The framework in this study also shows how the latecomer firms acquired resources at their point of insertion into the GVC, as a rational and careful strategy to secure a position in the global network of a high-tech industry. To conduct a greater scrutiny of how firms shape their business models to offer values to their networked systems, this study also extends the resource acquisition strategies outlined in Mathews (2002, 2006). In doing so, it provides greater precision in characterizing the latecomer strategies that complement the needs of the vertically integrated incumbents while fulfilling the needs of the specialized customers across different industry phases.
6.3.3 Organizational Capability Building
The organizational path dependence framework is extended to stretch beyond the boundary of organizations by integrating firm- and industry-level analysis. If the industry‟s feedback on the organization‟s endogenous forces is positive, the mutually reinforced mechanisms can disturb the status quo and lead to inter-path dependence.
173 Endogenous forces unleashed during the phase of organizational lock-in that leads to coevolutionary lock-in help the firm break away quickly from the internal (organizational) lock-in.
The second analytical framework in the study introduced the “visionary key” which allows industry leaders to virtually skip the entire organizational lock-in phase.
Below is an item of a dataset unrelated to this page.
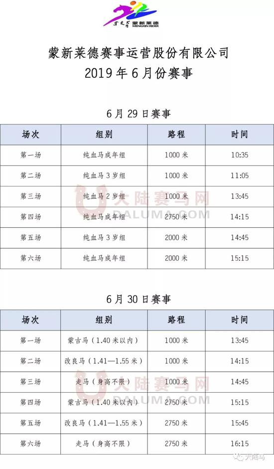 从6月29日、30日蒙新莱德的赛事安排可以看出,内蒙古的本土蒙古马、改良马、走马与纯血马赛事被列为了同等重要的地位。

Because the firm is able to generate impact, to shape and dictate the technical progress of the industry, the resulting coevolutionary lock-in opens up new technological opportunities for the firm.
This study also established a new framework to explain the mechanisms of firm-level generative process of endogenous forces and the formation process of coevolutionary lock-in. In previous studies, path dependence emphasizes how history carries through time in the genesis of novelty, but not so much the conceptualization of the actors‟ role in the generative process. This study sheds light on a leader‟s considerations in the generative process of de-locking from organizational path dependence.
Successful endogenous forces are well-planned strategies appropriated by firm leaders based on their ability to envision how the firm should be in the future by interpreting the external technological opportunities, the firm‟s existing knowledge base, and how the two can be synergized. Through higher intensity of R&D, endogenous forces should have also increased the firm‟s absorptive capacity that is cumulative and is continued through to the subsequent phases.
Nevertheless, vision reconstruction is needed if an endogenous force does not yield positive feedbacks from the industry that progress into productive outcomes. The frameworks provide an avenue for future studies that enrich the understanding of sources and processes associated with path breaking and path creation opportunities.